Defendant did not object to every single question during this line of testimony but its objections were sufficient to cover the whole of the material accepted as evidence. Some of it was pure hearsay. Plaintiff's testimony that Congress refused him his seat because of reaction to this newspaper story was the statement of a conclusion not susceptible of proof. There was no proof that any of these things were directly and actually caused by defendant's article. Furthermore, it amounted to proof of special damages not pleaded (Roberts v. Breckon, 31 App. Div. 431, 436, 437). The rest of plaintiff's testimony on this subject, except possibly the Chevy Chase Club expulsion, vaguely ascribed plaintiff's unpopularity as of that time to subjective reactions of individuals to the article. We need not go so far as to hold that a plaintiff can never describe specific examples of ostracism and rejection provided that, in the words of Bishop (233 N. Y. 446, 454, supra), such incidents were shown to be " the direct and well-connected result of the libel ". The better practice would be to call as witnesses for plaintiff, subject to cross-examination, the persons who were supposed to have spoken or acted adversely to plaintiff and to demonstrate, if such demonstration be possible, a connection to the libel. But, under any version of the rule of evidence suggested but not prescribed by the Bishop opinion (supra), this testimony went far beyond permissible bounds.
Another definite error committed on this trial was the admission into evidence of proof that a newspaper in Babylon, New York, not published by defendant, had, on the day after defendant's publication, carried a story telling its readers of the previous day's article in defendant's newspaper.

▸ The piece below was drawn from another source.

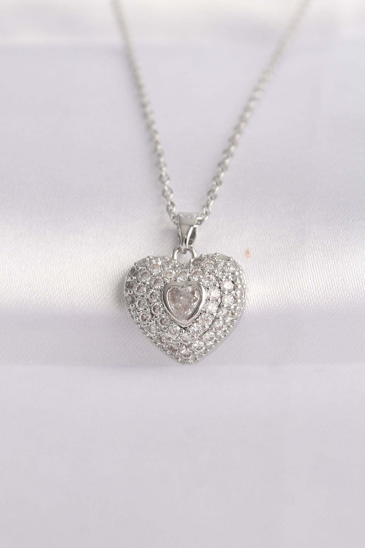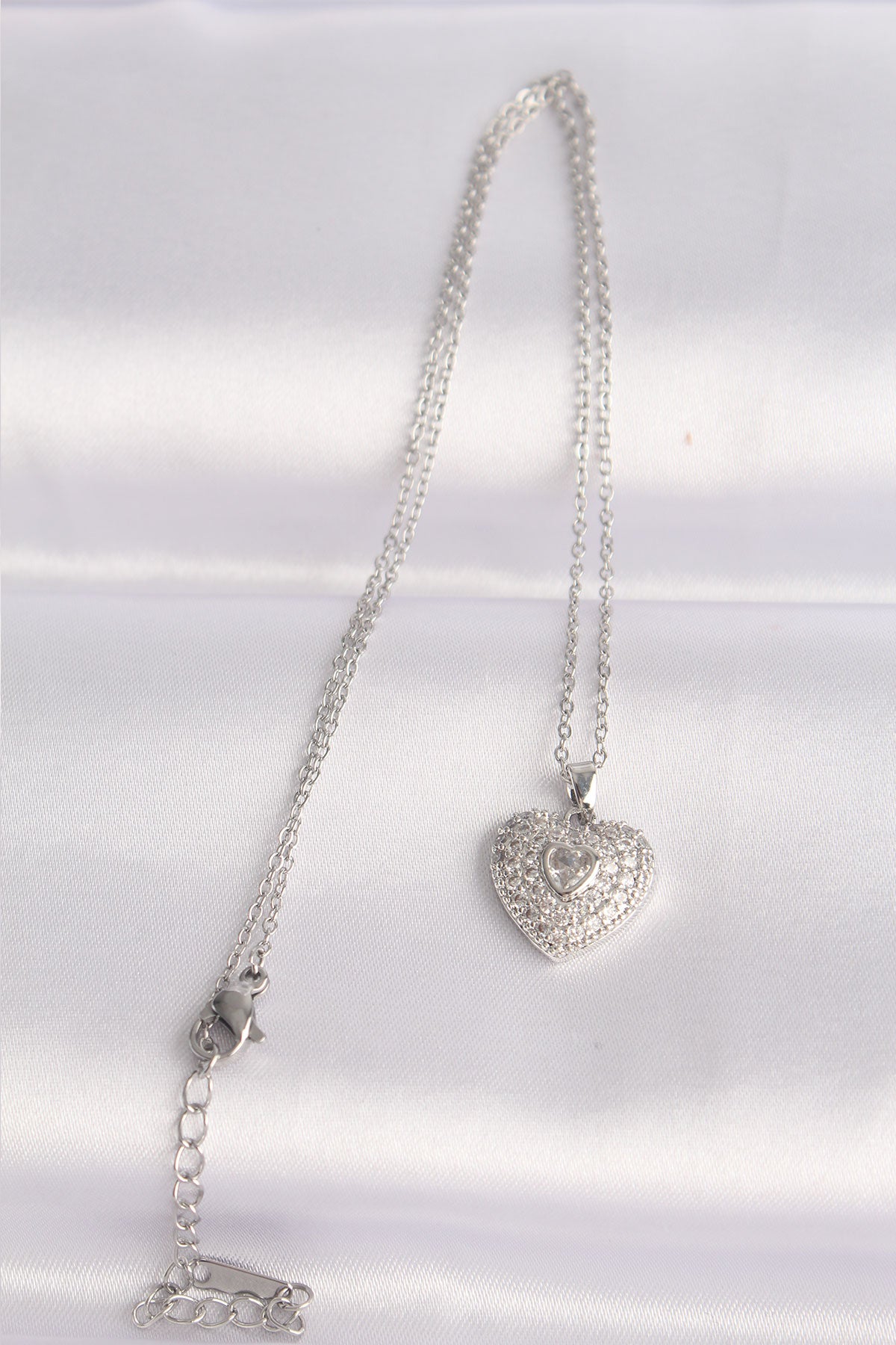 BKO8623 - 316L Çelik Zincir Gümüş Renk Zirkon Taşlı Kalp Kolye

Reception of such testimony licensed the jury to charge against defendant a separate, distinct libel (not pleaded in this complaint) by someone else, contrary to the rule that ' ' The original publisher of a libel is not responsible for its subsequent publication by others " (Seelman on Law of Libel and Slander in New York, p. 131, par. 149; Raines v. New York Press Co., 92 Hun 515; Collier v. Postum Cereal Co., 150 App. Div. 169, 175; cf. Restatement, Torts, § 578). In defense of this practice plaintiff points out that the court here admitted only so much of the Babylon Leader article as was a reprint or paraphrase of the World-Telegram article, that the Babylon paper had very small circulation compared to the metropolitan daily, and that the testimony amounted to no more than a showing of the widespread publication of defendant's libel. Those considerations, however, tend rather to minimize the effect of the error than to excuse it. Error it was and taking together this and the error described in the paragraphs just above, we cannot say that they were entirely harm less especially since they had a tendency to arouse the prejudice of the jurors (see Anderson v. Rome, Watertown & Ogdensburgh R. R. Co., 54 N. Y. 334, 341).

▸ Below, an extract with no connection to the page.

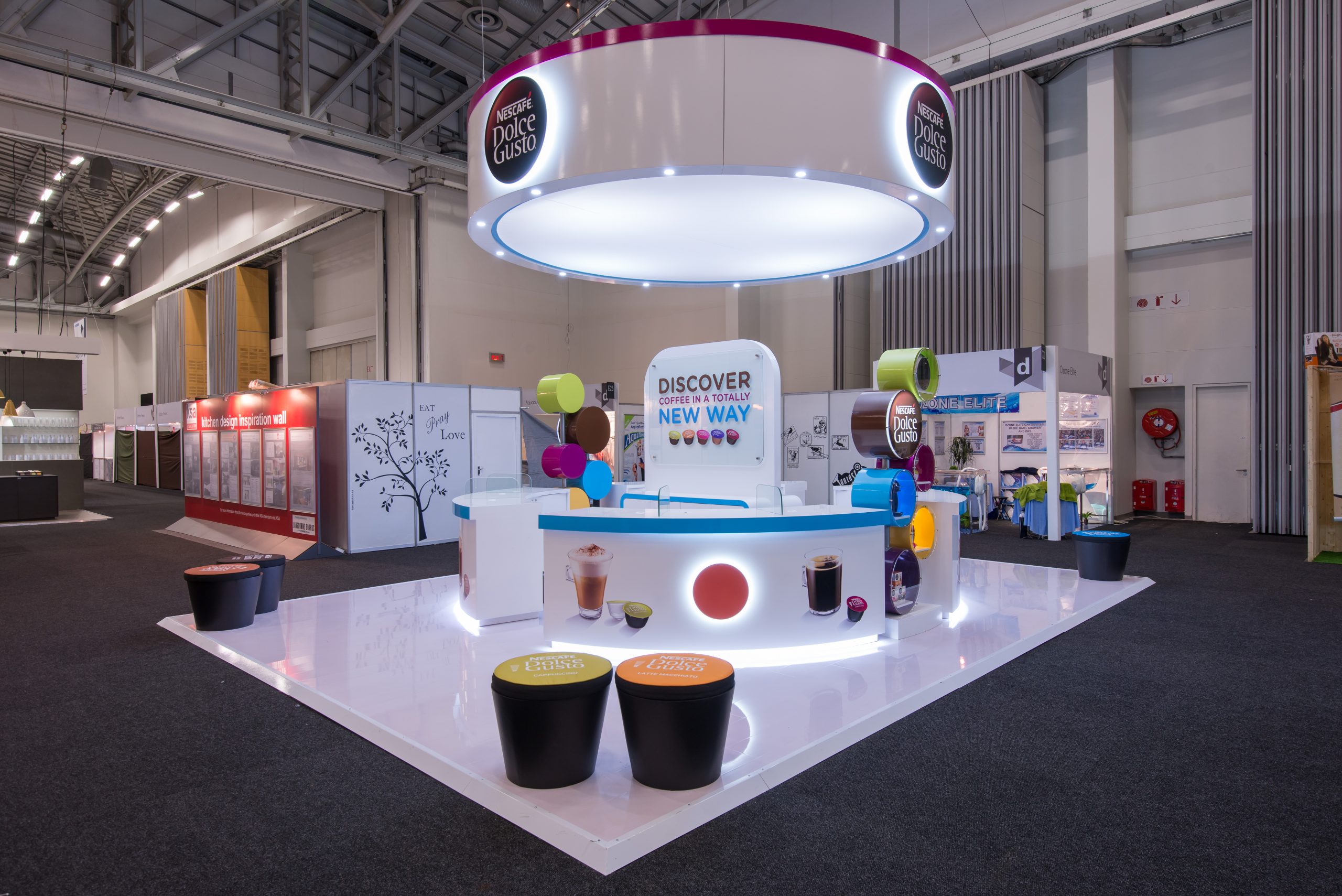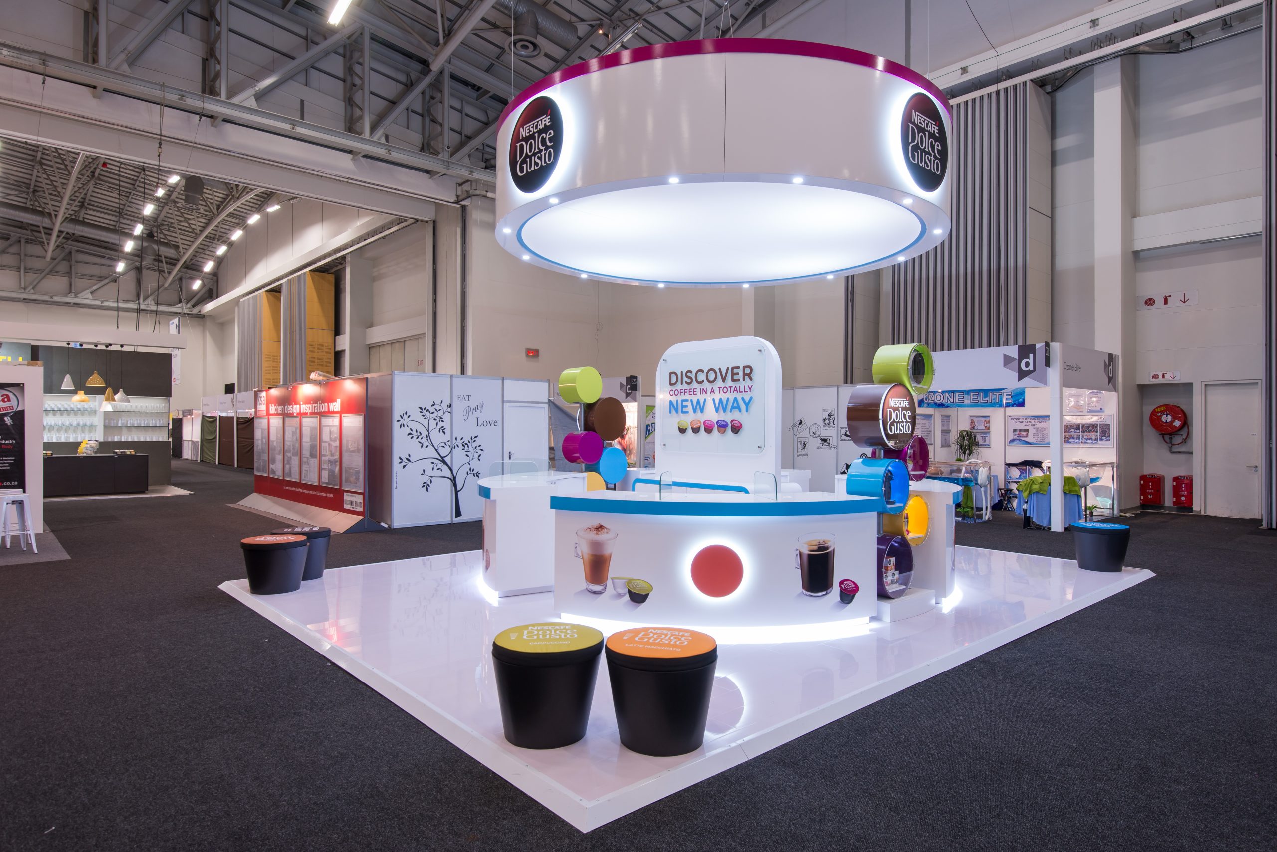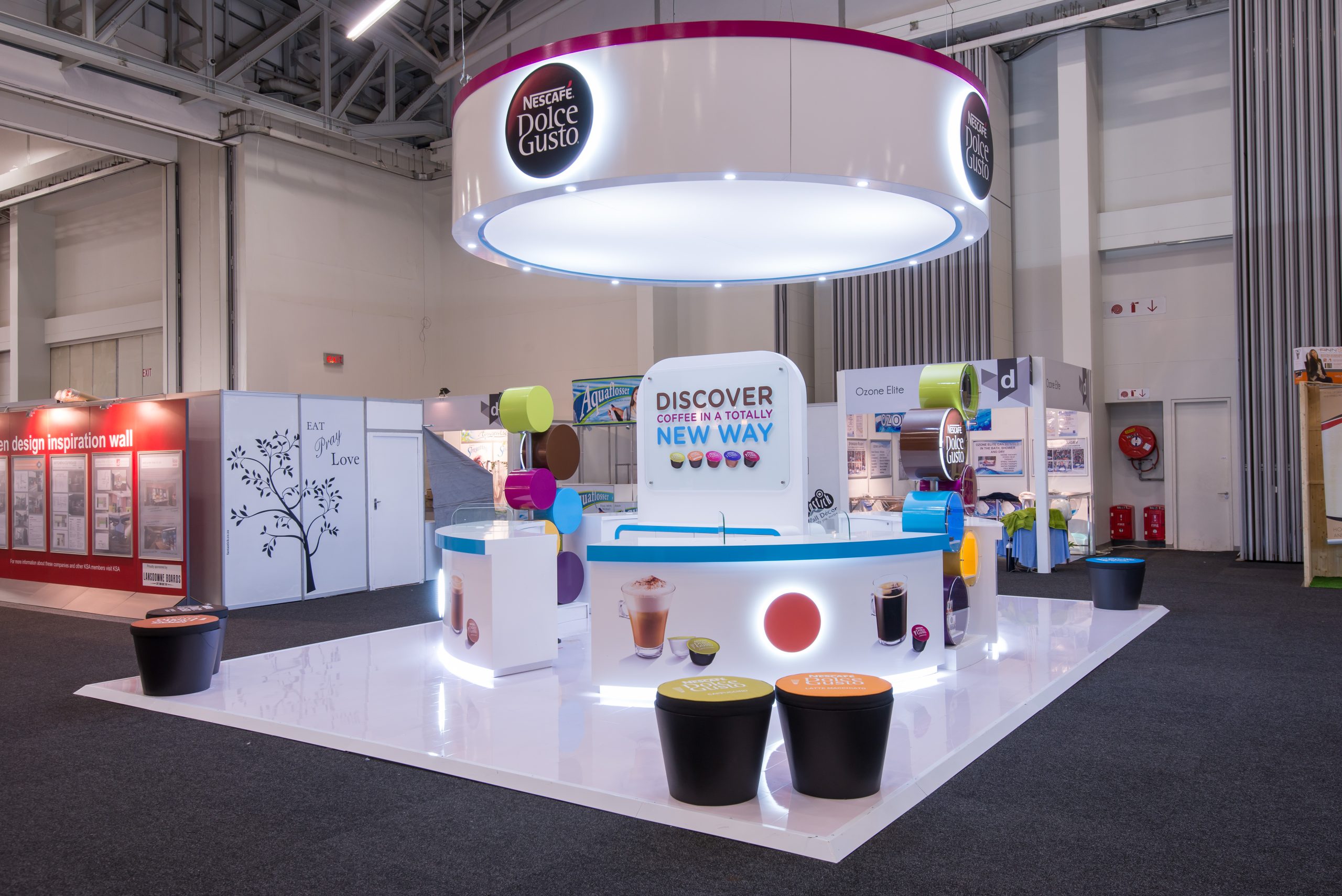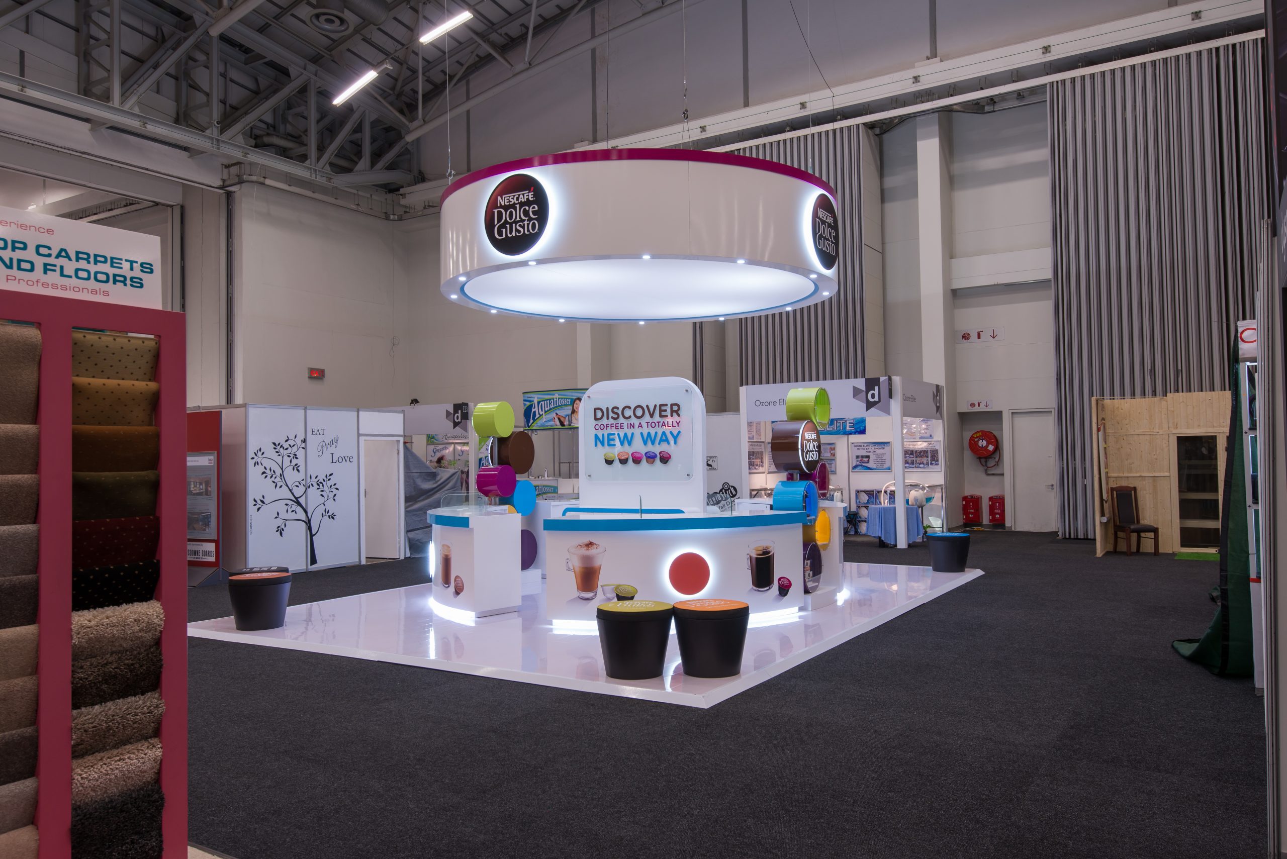 The Nestle Gusto stand’s bright and playful design was a pleasure to build. The island stand was built in a circular shape so as to allow visitors to gain access from any angel. The two custom round product display stands were made up to reflect the coffee pods as were the corner seats. The raised floor was coated with a high gloss finish as was the illuminated hanging bulkhead, giving the stand a luminous look and feel that contrasted well with the bright colours of the exhibition stand.

We find no error in the exclusion of the Dailey deposition. Defendant was trying to prove that plaintiff, by turning over to the opposing political party the letter described in the first paragraph of this report, had brought about its distribution to the public. That fact, even if established, would not be proof that plaintiff had been guilty of the conduct charged by defendant's newspaper article. But, actually, the rejected deposition contained no proof at all that plaintiff himself had turned over the letter to the other political party's officers and there was no proof in the record that the individuals who did turn it over to those rival party officers did so as plaintiff's agents or at his request, suggestion or direction.
Because of the errors in the receipt of evidence hereinabove described, the judgments should be reversed and a new trial granted, with costs to abide the event.